2020 smartphone model

The Honor 9C is an Android smartphone developed by the Huawei sub-brand Honor, which features a 48 MP camera at a relatively low price point. It was introduced on April 29, 2020, in Russia alongside the Honor 9A and Honor 9S. Also, sales start on May 4, 2020.

Additionally, the Honor Play 3 was introduced for China on September 4, 2019, alongside the Honor 20S; it mainly differs from the Honor 9C in its processor and the lack of a fingerprint scanner.

== Specifications ==

=== Design ===
The screen is made of glass. The back panel is made of glossy plastic, while the side frame is matte.

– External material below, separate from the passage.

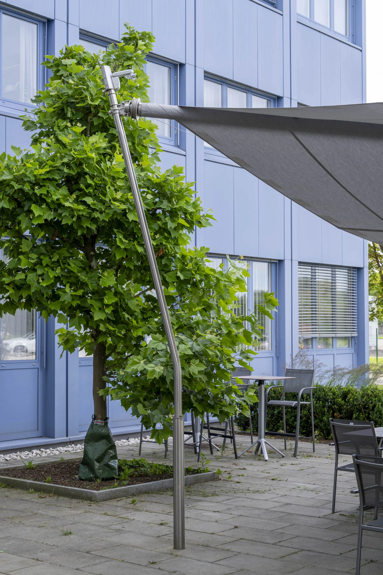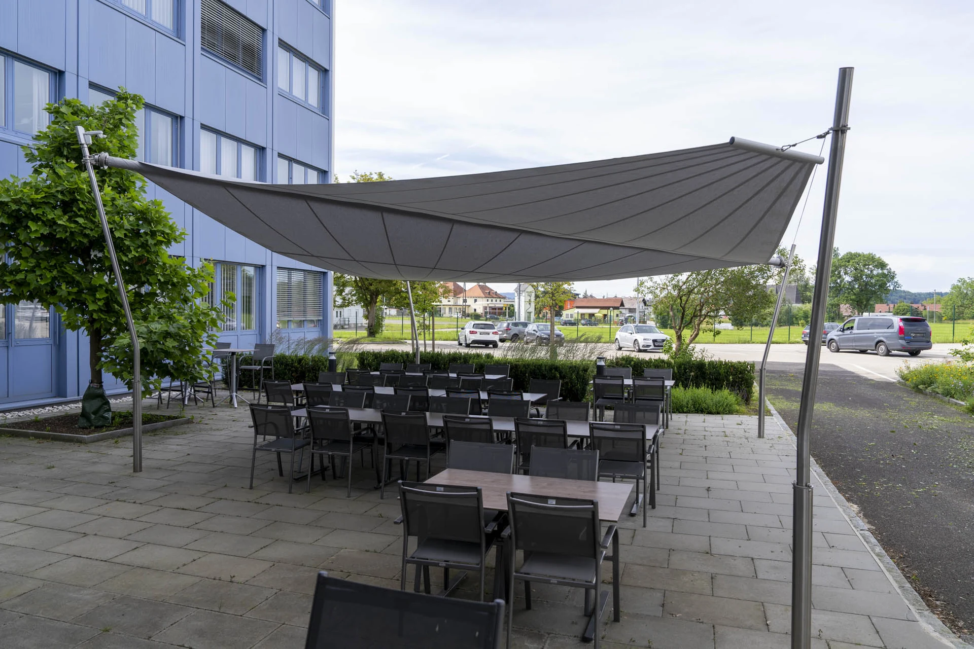 Wie auch beim Hauptstandort bei der Kantine überzeugt das System durch seine automatische Steuerung: Der integrierte Windwächter fährt das Segel bei starkem Wind selbstständig ein, was nicht nur die Langlebigkeit des Systems erhöht, sondern auch das Büro-Team entlastet. Mitarbeiter können die Fläche spontan nutzen, ohne sich um den Sonnenschutz kümmern zu müssen.

The smartphones are identical in dimensions. In terms of design, the Honor Play 3 differs from the 9C by the absence of a fingerprint scanner and a V-shaped reflection pattern, whereas the 9C features a pixel-beam reflection effect.

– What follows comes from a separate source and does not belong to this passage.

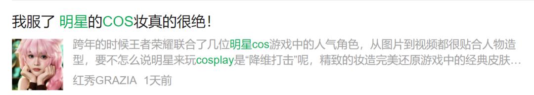 這幾位明星cos《王者榮耀》角色,來自《王者榮耀》元旦前後的一系列跨年活動,看到王者、跨年這樣的關鍵詞,你可能覺得,作爲國民遊戲,《王者榮耀》官方的活動上個熱搜稀鬆平常。國民度很高的幾位明星來cos遊戲角色,有很大的陣仗也不稀奇。

Located at the bottom are the microUSB port, speaker, microphone, and 3.5 mm audio jack. A second microphone is located at the top. The left side houses a slot for two SIM cards and a microSD card up to 512 GB on the 9C, while the Play 3 features a hybrid slot for either two SIM cards or one SIM card and a microSD card. The volume buttons and the power button are located on the right side.

The Honor 9C was sold in Midnight Black and Aurora Blue.

The Honor Play 3 was sold in three colors: Magic Night Black, Aurora Blue, and Charm Red.

=== Processor ===
The Honor 9C features a HiSilicon Kirin 710A processor manufactured using a 14 nm process, while the Play 3 uses the Kirin 710F manufactured on a 12 nm process. Both processors are paired with a Mali-G51 MP4 GPU.

=== Battery ===
The battery is lithium polymer and has a capacity of 4000 mAh with 10W standard charging.

=== Cameras ===
The smartphone features a triple rear camera setup: 48 MP, f/1.8 (wide-angle) with phase-detection autofocus + 8 MP, f/2.4 (ultrawide) + 2 MP, f/2.4 (depth sensor). The front camera has a resolution of 8 MP and an aperture of f/2.0 (wide-angle). Both the main and front cameras can record video at 1080p@30fps.

=== Display ===
The display is an IPS LCD, 6.39", HD+ (1560 × 720) with a pixel density of 269 ppi, a 19.5:9 aspect ratio, and a circular cutout for the front camera located in the top-left corner.

=== Storage ===
The Honor 9C was sold in a 4/64 GB configuration,

while the Honor Play 3 was sold in 4/64, 4/128, and 6/128 GB configurations.

=== Software ===
The Honor 9C runs on Magic UI 3.1 based on Android 10 without Google Play Services. Huawei's AppGallery is used for installing applications.

The Honor Play 3 was released with EMUI 9.1 based on Android 9 Pie without Google Play Services. It was later updated to HarmonyOS 2.0.